Именно такой комплекс свойств, именно такая душевная организация была нужна для создания нового театра и управления этим сложным и капризным механизмом. Только порыва, самого могучего, только одних крыльев, как ни широко их парение, — мало. Весь аппарат был бы шатким, может быть — давно был бы опрокинут изнутри или извне, если бы Немирович-Данченко не придал ему, благодаря указанным своим качествам, нужной устойчивости и силы двойного сопротивления; весь путь изломался бы в капризных зигзагах, если бы благодаря этим же своим качествам, Немирович-Данченко не выверял его и не находил вовремя равнодействующих. Он вовсе не был гирей, задерживающий {82} лёт, — он был надежным регулятором.

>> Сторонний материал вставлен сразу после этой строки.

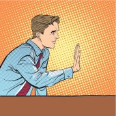 Zdjęcie "Człowiek siedzący zatrzymując się ktoś. Człowiek, zatrzymując się ktoś. Człowiek, odrzucając coś. Zakazywanie człowieka. Przystojny, młody biznesmen, dając sygnał stop." może być wykorzystywane do celów osobistych i komercyjnych zgodnie z warunkami zakupionej licencji Royalty-free. Obraz jest dostępny do pobrania w jakości wysokiej rozdzielczości do 5760x3840.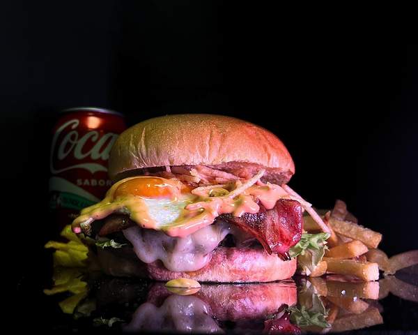 Filetes de ternera estilo "smash", huevo a la plancha, queso cheddar americano, bacon, jamon york, cebolla, lechuga, tomate, pepinillo y salsa especial.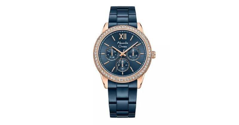 Dengan dial berwarna biru dan strap stainless steel berwarna senada, jam tangan ini cocok untuk Mama yang ingin tampil stylish dan fungsional.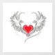 Artistically painted red heart with angel wings gray, decorated with black smooth contour.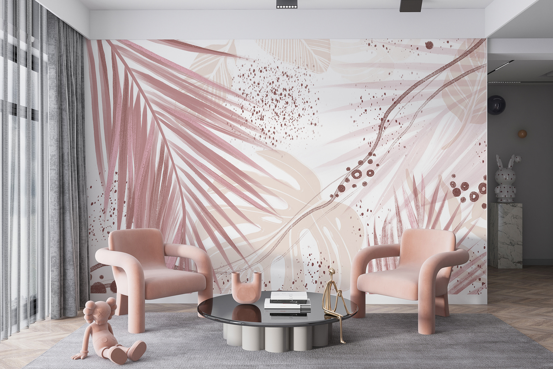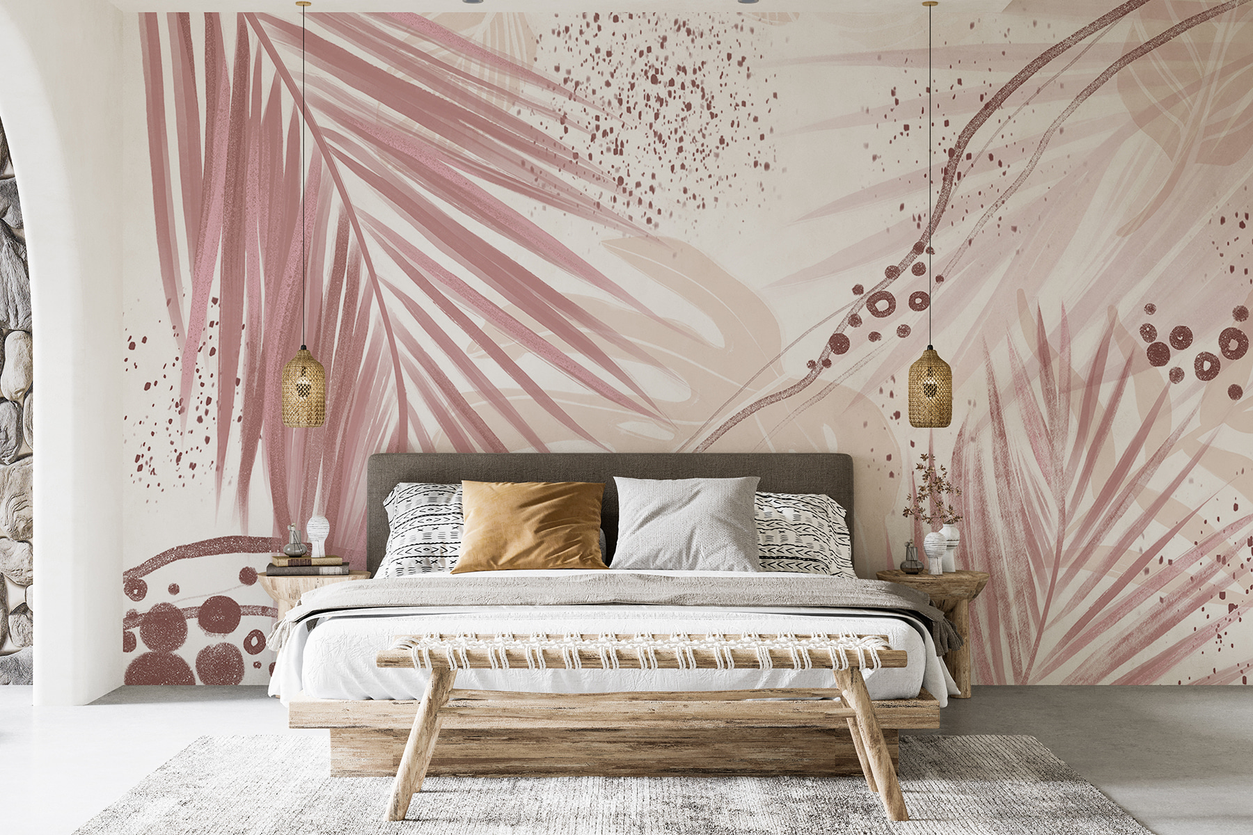 Die verschlungenen Palmenblätter und abstrakten Muster, gemischt mit sanften Rosa- und Erdtönen… ein Traum für jeden Naturliebhaber! Perfekt, um Ihrem Wohnzimmer, Ihrem Schlafzimmer oder sogar Ihrem Büro ein wenig Flair zu verleihen. Was wäre das Leben ohne einen Hauch von Kreativität? Jedes Mal, wenn Sie den Raum betreten, ist es wie eine sanfte Umarmung von Mutter Natur – eine kleine Flucht aus dem Alltagsstress.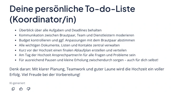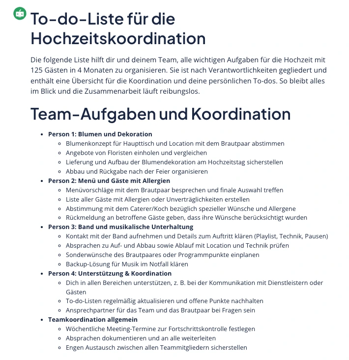Gerade bei Projekten, an denen mehrere Personen beteiligt sind, ist der Einsatz eines KI-Tools zur Erstellung von To-do-Listen sinnvoll. So können Aufgaben klar verteilt und übersichtlich organisiert werden.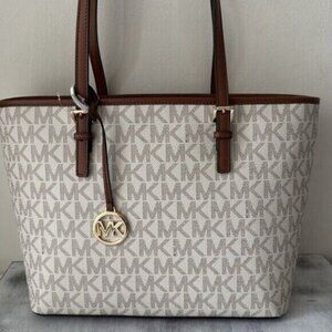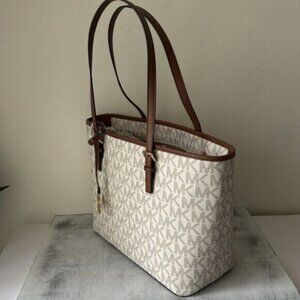 Michael Kors Jet Set Vanilla Luggage Tote Carry All Shoulder Handbag Logo Charm

Этим отнюдь не исчерпывалась функция Немировича-Данченко в Художественном театре, — я уже отмечал, что им заложено идейное содержание этого театра, оформлен его не только эстетический, но и общественный облик, — но и она была одной из очень существенных.

Ну, так вот, может быть, эти же свойства, как я их сейчас обрисовал, удержали Немировича-Данченко от уступки собственному влечению и советам других, совпадавшим с увлечением, удержали от того, чтобы сделаться актером.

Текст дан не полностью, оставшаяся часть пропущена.